Notes: ***p ⩽ 0.001, **p ⩽ 0.01, *p ⩽ 0.05, +p ⩽ 0.10. The models were run on waves 3–9 of the UKHLS. The table displays most, but not all, estimated coefficients with robust standard errors in parentheses. The full models can be viewed in the online statistical appendix (Table A1), which further controls for: age and its square, a four-category education level, the number of children aged 0–2, 3–4, 5–11 years in the household, and time period. All variables other than those relating to differences between t and t−1 were lagged to t−1. HH: household.
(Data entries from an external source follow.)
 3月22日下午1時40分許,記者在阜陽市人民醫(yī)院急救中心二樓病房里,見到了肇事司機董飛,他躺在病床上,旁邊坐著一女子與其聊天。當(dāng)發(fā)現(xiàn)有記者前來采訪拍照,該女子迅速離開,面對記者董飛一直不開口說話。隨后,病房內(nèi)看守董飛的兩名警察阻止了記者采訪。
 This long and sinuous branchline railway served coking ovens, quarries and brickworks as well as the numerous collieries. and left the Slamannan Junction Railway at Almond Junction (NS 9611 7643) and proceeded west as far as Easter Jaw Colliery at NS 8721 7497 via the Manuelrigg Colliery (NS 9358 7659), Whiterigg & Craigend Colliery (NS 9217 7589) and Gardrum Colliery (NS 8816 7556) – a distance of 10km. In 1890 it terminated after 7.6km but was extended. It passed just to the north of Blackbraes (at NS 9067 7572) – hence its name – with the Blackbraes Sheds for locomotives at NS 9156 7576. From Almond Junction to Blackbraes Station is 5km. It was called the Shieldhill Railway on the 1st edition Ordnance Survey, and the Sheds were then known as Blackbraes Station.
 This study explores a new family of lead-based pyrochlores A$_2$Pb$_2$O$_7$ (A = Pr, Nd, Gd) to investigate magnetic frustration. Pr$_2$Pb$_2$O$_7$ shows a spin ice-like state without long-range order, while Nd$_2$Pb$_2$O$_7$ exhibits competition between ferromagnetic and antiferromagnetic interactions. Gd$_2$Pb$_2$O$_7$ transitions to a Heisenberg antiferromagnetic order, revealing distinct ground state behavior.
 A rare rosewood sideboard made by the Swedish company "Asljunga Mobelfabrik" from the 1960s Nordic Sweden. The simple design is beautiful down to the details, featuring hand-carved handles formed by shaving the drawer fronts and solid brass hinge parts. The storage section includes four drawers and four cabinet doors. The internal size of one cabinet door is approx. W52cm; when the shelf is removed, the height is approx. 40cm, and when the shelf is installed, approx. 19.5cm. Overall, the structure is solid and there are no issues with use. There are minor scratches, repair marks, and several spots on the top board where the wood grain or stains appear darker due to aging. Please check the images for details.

It was hypothesised that male identity and thus male life satisfaction would benefit from a psychological dividend in instances where men out-earned their female partner (Hypothesis 1.1). This hypothesis was based on the expectation that gender norms continue to promote a male breadwinner ideal which problematises both equal-earning and female majority-earning for men. The analysis showed that proportional earnings affected men’s life satisfaction. Men who were secondary-earners at t−1 reported significantly lower levels of life satisfaction than equal-earning men; this tendency was also confirmed, in separate tests, with a reference category of majority-earning men. Overall, men were found to be less happy if they were secondary-earners in the home. There was no statistically significant difference, however, between the life satisfaction of equal-earning and majority-earning men. In an attempt to control for differential effects in stable and changing earning position, change in proportional earnings was also introduced as a separate variable to model 1. Here, we found that men exhibited higher life satisfaction when their proportional earnings increased between t−1 and t, lending support to Hypothesis 2.1. This finding is important as it demonstrates how recent changes in proportional earnings, which likely have not yet been influenced by habituation, are related to life satisfaction.
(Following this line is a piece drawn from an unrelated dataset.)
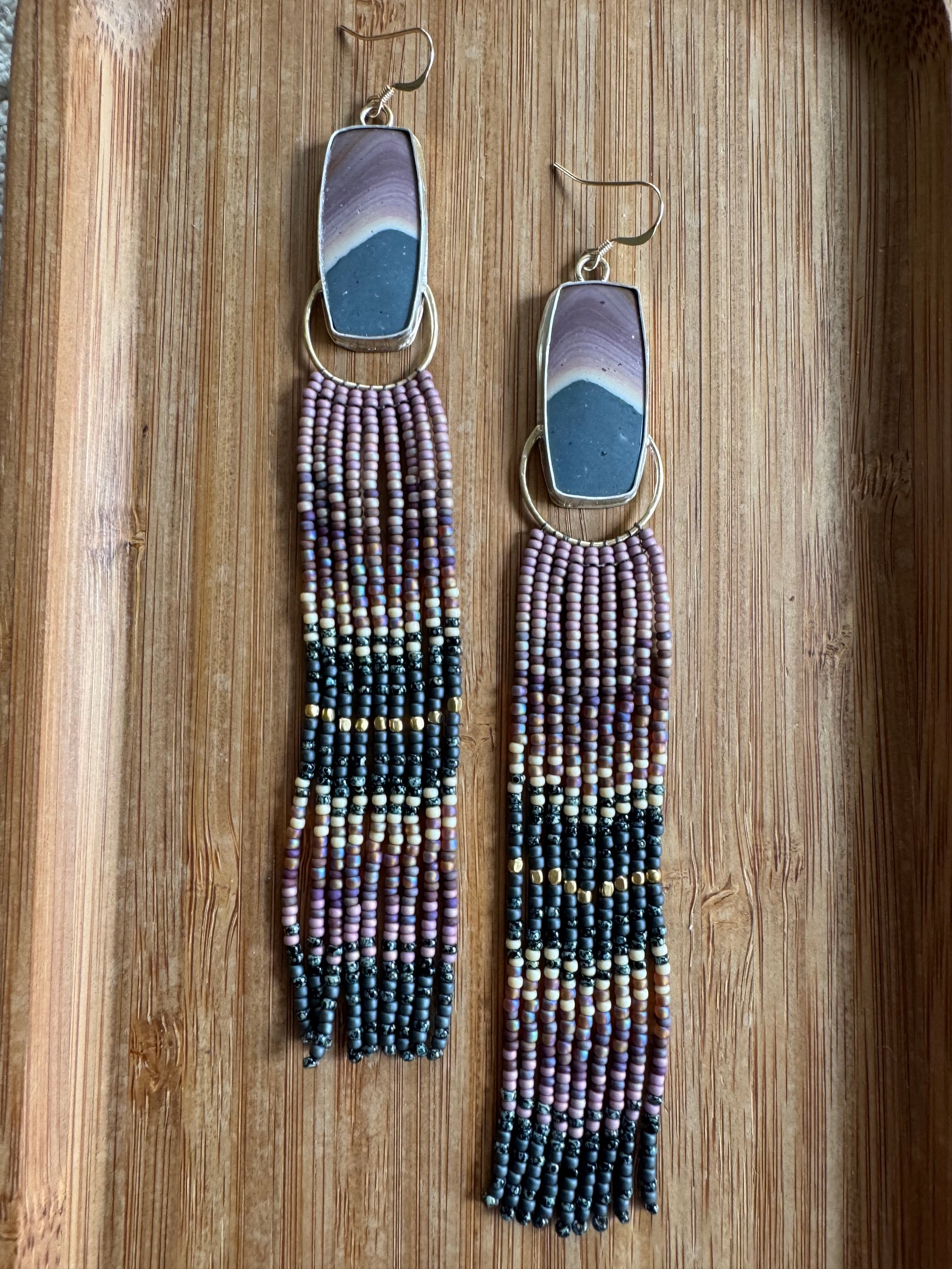 Each pair of earrings is metalsmithed by hand in my Montana studio. From shaping the bezels and soldering the frames to stitching every bead with intention, this is slow craft meant to be felt.

Women were hypothesised to have a preference for equal-earning and a reticence for majority-earning (Hypothesis 1.2), with the male breadwinner ideology also expected to affect female behaviour and values. Here, however, we found no statistically significant relationship between women’s earning position in the household and their life satisfaction. Women were also expected to display lower life satisfaction in instances of a recent positive change in their earning status, with research in this area suggesting that women ‘do gender’ to compensate for gender non-conforming behaviour (Hypothesis 2.2). Model 1 found no significant effects of proportional earnings contributions on women’s life satisfaction, either in terms of recent changes in their proportional earnings or in terms of their earning status within the household. It is quite striking to compare the differences by sex, and to note that women who were secondary-earners and equal-earners were no different in their reported life satisfaction than majority-earners.
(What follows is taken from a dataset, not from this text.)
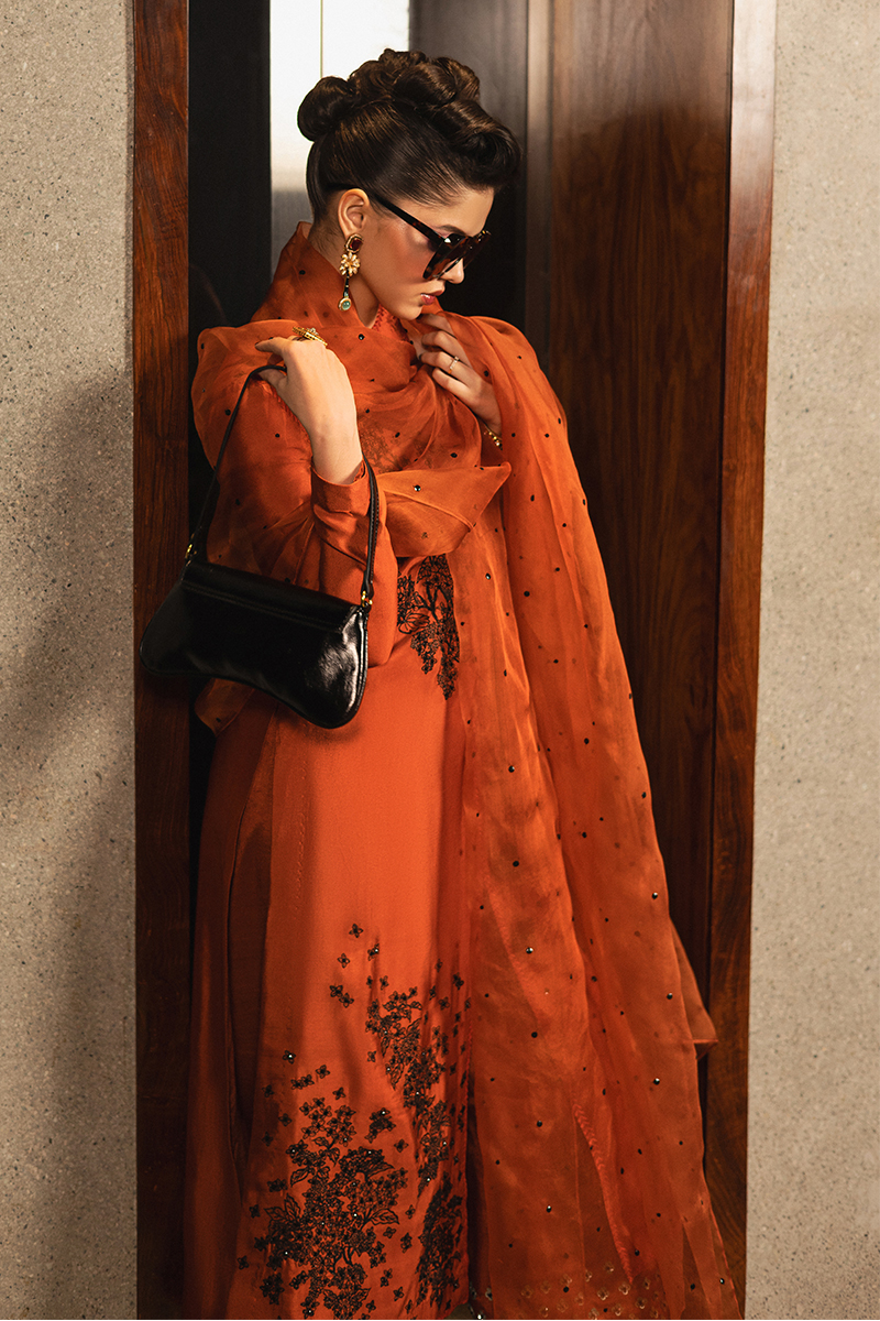 Lady Garden – A celebration of refined elegance and modern charm. This exquisite ensemble features a long, round-neck shirt adorned with intricately embroidered floral bunches, elevated by a delicate keyhole detail and playful dori tassels for added flair. The straight-fit culotte boasts a contrasting floral-embellished border, creating a perfect balance of subtle and striking details. Completing the look is a sheer organza dupatta, adorned with a sparkling sequin spray, adding just the right touch of luxury. Lady Garden is designed to exude sophistication and grace, making it the ideal choice for your statement-worthy moments.

Model 2 provided an important test of the effect of relative earnings on life satisfaction in its introduction of controls for concurrent labour market change. In model 2, we controlled for: labour market transitions, including shifts across working time, and both the log of absolute household income, its square, as well as changes in absolute household income. Crucially, our primary conclusion regarding the effect of relative earning position on men’s life satisfaction was robust to our more complex model. Men’s psychological premium to recently increasing their proportional earnings was not due to: change in their labour market status, change in their working hours, or change in absolute household income. Men’s dissatisfaction with being secondary-earners was not entirely independent of their labour market status; however, we did retain a noteworthy effect in the model presented at the .10 level, and these point estimates were robust to alternative specifications with overlapping confidence intervals. 3 The controls largely offered predictable results: compared with those in continuous full-time employment, those who had recently left employment, as well as those with two consecutive years of non-employment, reported lower life satisfaction, while those who had recently entered employment showed an increase in life satisfaction.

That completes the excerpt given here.